Rates are a big wild card. The Fed will certainly begin raising rates at some point in the near-term, though there will be substantial political pressure placed upon Fed Chairman Ben Bernanke to not do so before the 2010 Congressional elections. The global financial market at yearend, fearing that perhaps bubbles had developed in some equity markets, particularly in the BRIC nations, was again investing in dollars, driving the greenback up in an expression of confidence that the U.S. was still a safe place to park money. The quandary is that if Congress and the Administration really expect banks to start lending again, they are going to have to let rates rise. There also is the matter of inflation, which most economists have dismissed as a near-term threat due to the fragile economy and the excess capacity therein. The Fed took a step this week to keep the markets calm on this front by proposing a new Federal Reserve CD program with banks to soak up excess money floating around the economy. To boot, there is a school that believes the Fed will keep rates low long-term in a conscious effort to slowly inflate the nation out of its massive debt obligation. Still, mortgage rates are likely to continue their year-end rise as banks are, after all, in business to make money.

The Election

At yearend 2009, it appeared that whatever mandate Congress and the Administration thought they had at yearend 2008 had vanished. Yet both pressed on with an agenda that most polls indicated was not supported by a majority of voters. House-Senate negotiations over the final version of the Democrat health-care overhaul bill loomed for early 2010, and all indications at yearend 2009 that the Democrats intended to proceed full on to the Waxman energy bill, passed by the House but still pending in the Senate. That bill is likely to prove as divisive as the health overhaul.

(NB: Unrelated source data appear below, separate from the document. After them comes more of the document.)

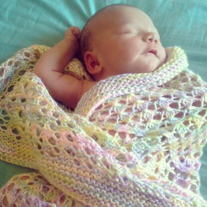 Alouette is a square blanket sized for baby and features easy knitted lace with a garter stitch blanket border. This design is worked in the round from the center out in lace wedges divided by four spines. The yarn presented here is a very soft and silky worsted weight acrylic perfect for baby’s comfort and easy to wash. Alouette is fun and relaxing to knit and makes the perfect soft layer for snuggling with baby, covering your infant seat, or wrapping baby up for an adorable photoshoot!
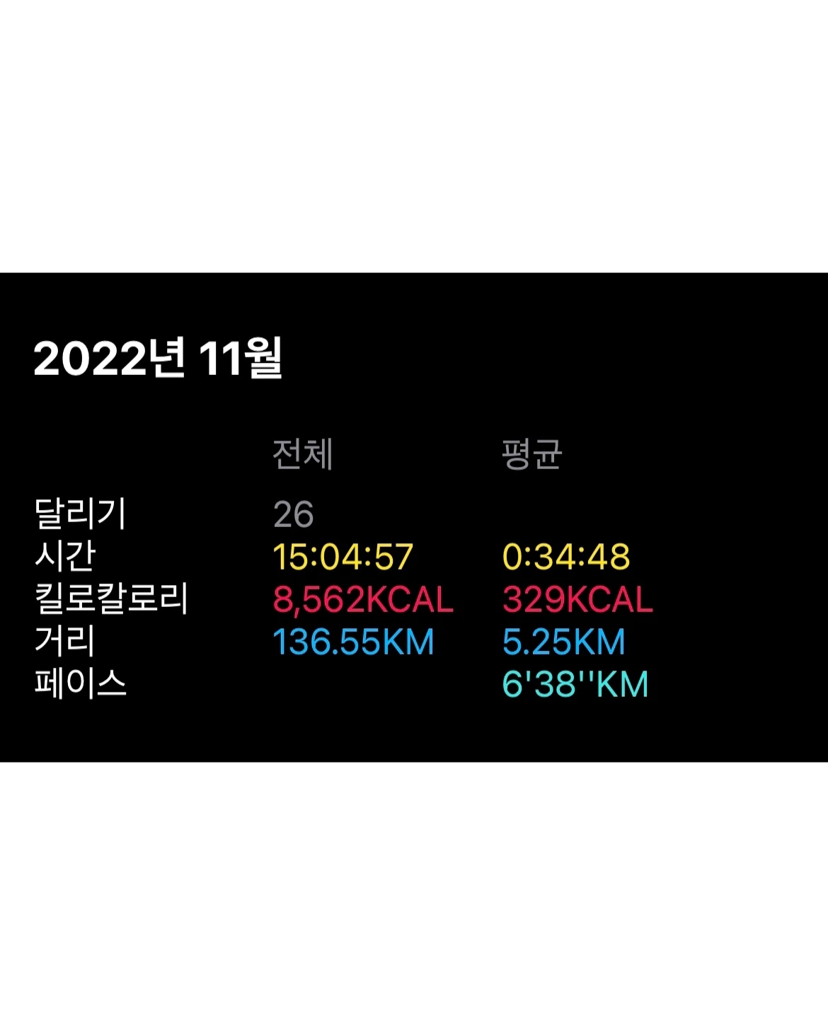 안 받을 수는 없으니까 푸는 것이 중요하다고. 나는 애플 워치에 기록된 달린 횟수를 보여줬다. 11월에 30일 중 26회를 달렸다. 12월에는 13일 중 10회를 뛰었다. 나는 달리기를, 어떤 이는 독서를, 또 다른 누군가는 넷플릭스 보는 것으로.
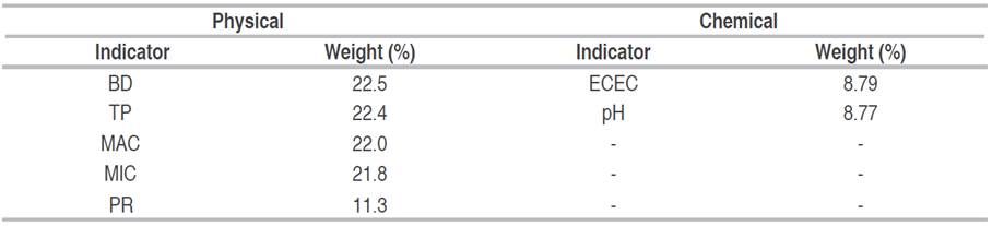 The indicators with the greatest magnitude within each group (BD and ECEC) were selected for the MDS. When these presented the same value, the one with the highest communality was chosen. A high communality indicates that a large part of the variance is explained by said component. Nevertheless, because they explain more than 79% of the variance in the physical variables, TP, MAC and MIC were also selected. In addition, pH was selected because it explains more than 72% of the variance in the chemical indicators (Table 4).
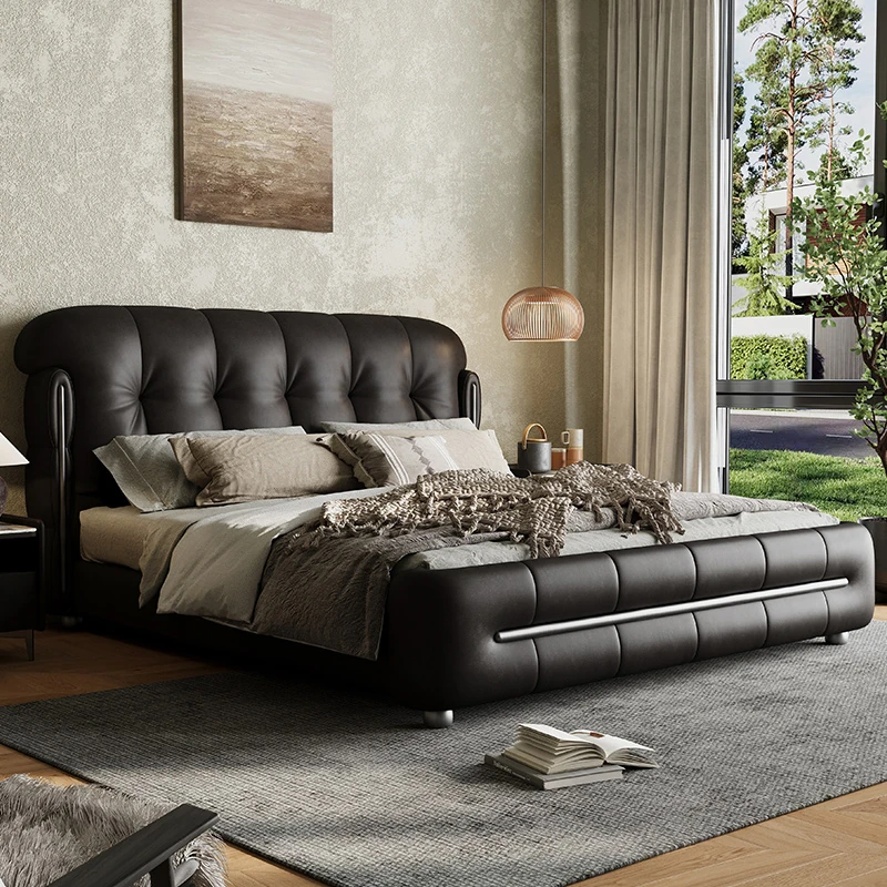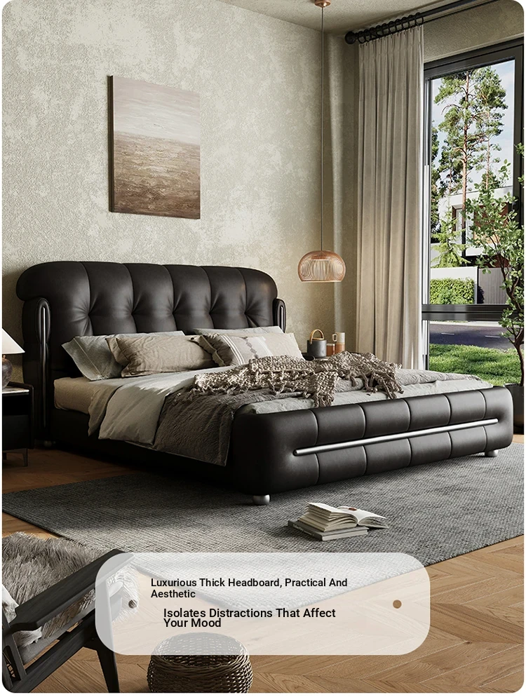 Talmann Premium Luxury French Retro Modern Minimalist Chic Velvet Upholstered King Size Black Leather Bed for Master Bedroom - Elegance Meets Comfort in Solid Wood Design
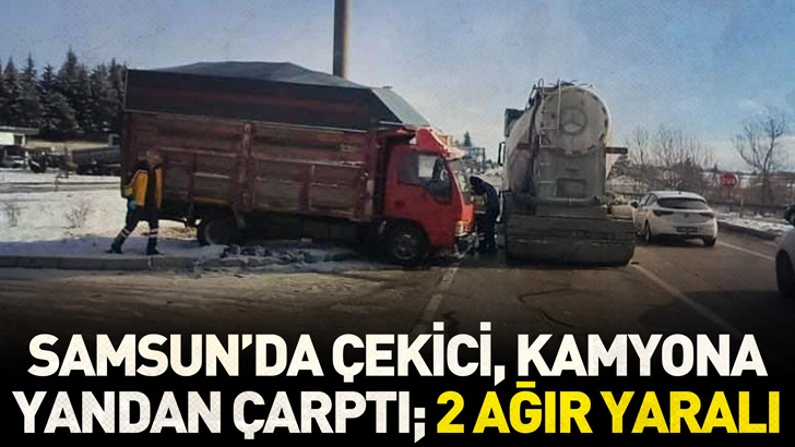 Samsun'da çekici, kamyona yandan çarptı; 2 ağır yaralı
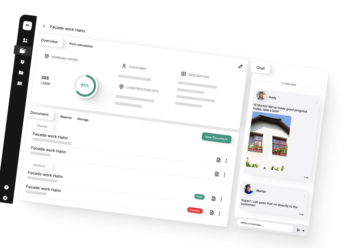 Improve team communication thanks to project-based chat. This allows you to communicate between construction site and office in real time. The chat is integrated directly into every project, so that you have all relevant conversations and data in one place and can also keep an eye on this for deductions and invoices.
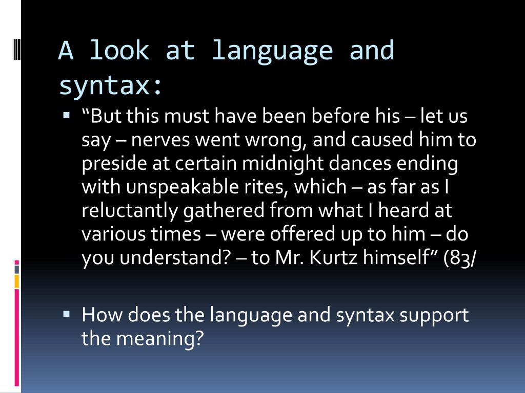A look at language and syntax: • “But this must have been before his – let us say – nerves went wrong, and caused him to preside at certain midnight dances ending with unspeakable rites, which – as far as I reluctantly gathered from what I heard at various times – were offered up to him – do you understand? – to Mr. Kurtz himself” (83/ • How does the language and syntax support the meaning?
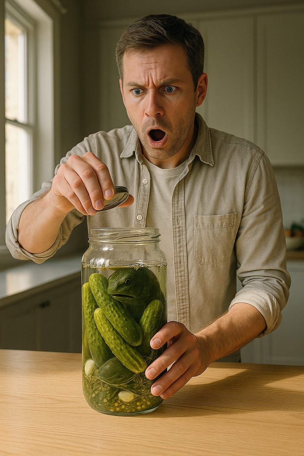 Mark satte krukken på bordet, tok en boksåpner og fjernet lokket med et lett klikk. I det øyeblikket ble han blendet av den kjente lukten av saltlake og dill. Men da han kikket inn i glasset, stivnet han. Mellom agurkene, halvt skjult av den grumsete saltlaken, kunne han se en mørkegrønn form. Først trodde han det bare var en dårlig rengjort agurk. Men da han kikket nærmere, skjønte han at det ikke var en grønnsak.

Democrats have 2/3rds of the $787 billion federal stimulus bill passed in early 2009 in their pockets for pre-election spending on all manner of goodies for their constituents, but it remains unclear whether they will be able to buy back the crucial independent voters who by yearend 2009 had wistfully concluded that their votes in 2008 were cast amid a haze of delusional Kumbaya. The result is that Democrats will likely suffer significant defeats at the ballot box and could lose control of the Senate, maybe even the House in the 2010 elections. That could enrage a political left that thought it was ascendant, perhaps leading to social unrest, but a Democratic loss would likely boost confidence in the economy.

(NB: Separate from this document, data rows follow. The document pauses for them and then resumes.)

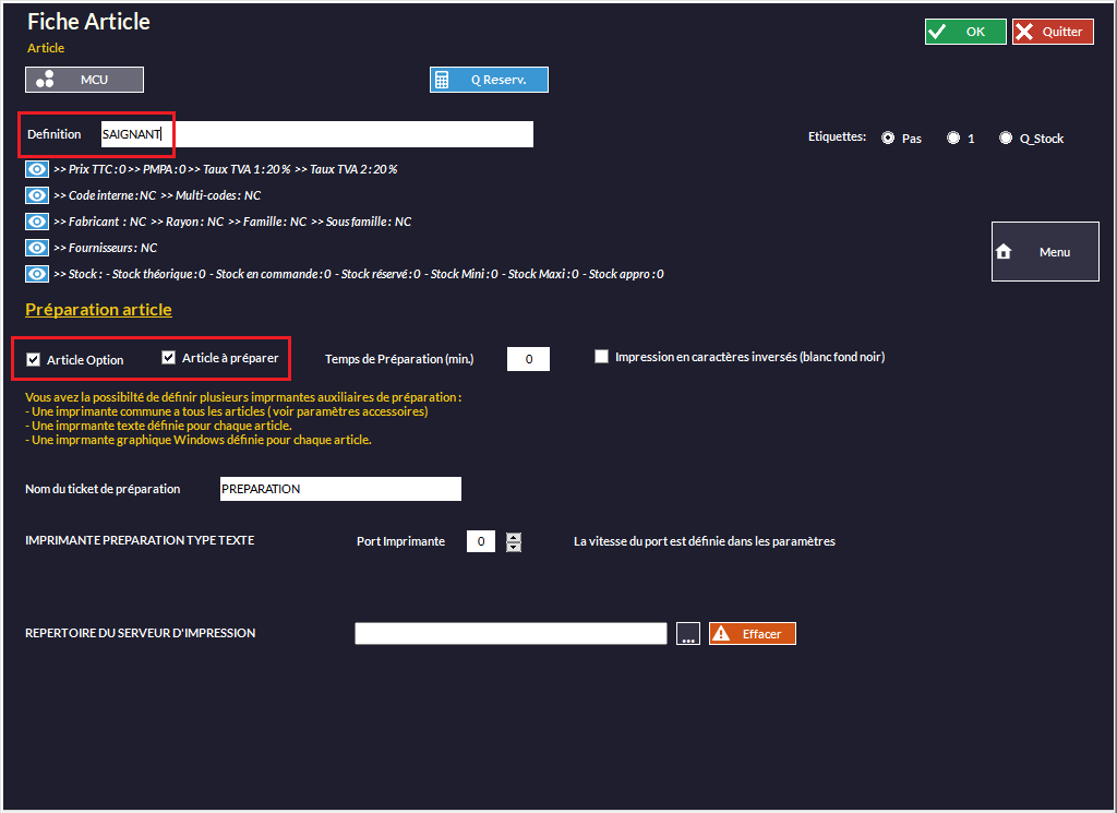 oCochez également la case Article à préparer pour le voir imprimé sur le ticket de préparation (en cuisine par exemple - voir le chapitre Préparation plus haut dans ce manuel). Rattachez éventuellement l'article à un rayon.
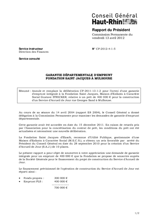 Annule et remplace la délibération CP-2011-13-1-2 pour l’octroi d'une garantie d'emprunt intégrale à la Fondation Saint Jacques, Maison d’Enfants à Caractère Social Gustave STRICKER, relative à un prêt de 400 000 € pour la construction d’un Service d’Accueil de Jour rue Georges Sand à Mulhouse.
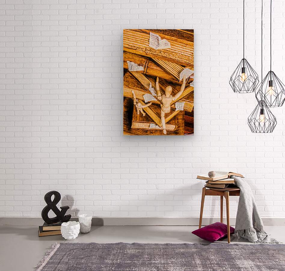 A played out scene many stories high as wooden toy figures take flight from knowledge unbounded trekking up a novel staircases in a release of the mind
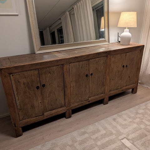 Myydään vanha hieno senkki. Jotain ajan jälkeä: yksi jalka heiluu jonkun verran ja ovet aukeilee herkästi. Hinnassa huomioitu.
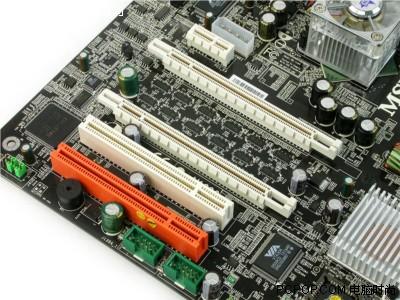 1、SLI部分。nForce 4 Intel Edition的最大卖点当然是其支持SLi技术,当接上两片支持SLi显示卡后,便可令两卡协同工作达到效能提升的目的,而MSI的RD部门却为P4N Diamond下了不少功夫,我们可以看到图中两条PCI-E绘图接口中间有不少IC,而且没有了切换SLi与Normal模式的转接卡,原来两条PCI-E绘图接口中间有不少IC能代替转接卡,用户只需在BIOS中设定就能选择x8+x8或是x16+x1。

If Murphy's Law holds, as usual, in 2010, one or more of the variables noted above, plus many more unmentioned and unimagined, could tip the economy and the housing business back into recession. If it doesn't, both could make it through the year in better shape than they are now, ready to face and even more challenging 2011. Wall St. & Maine earnestly hopes that Congress will repeal Murphy next year, and thus wishes its readers a happy, safe, productive and prosperous 2010.

Oh, and don't forget to check the clocks.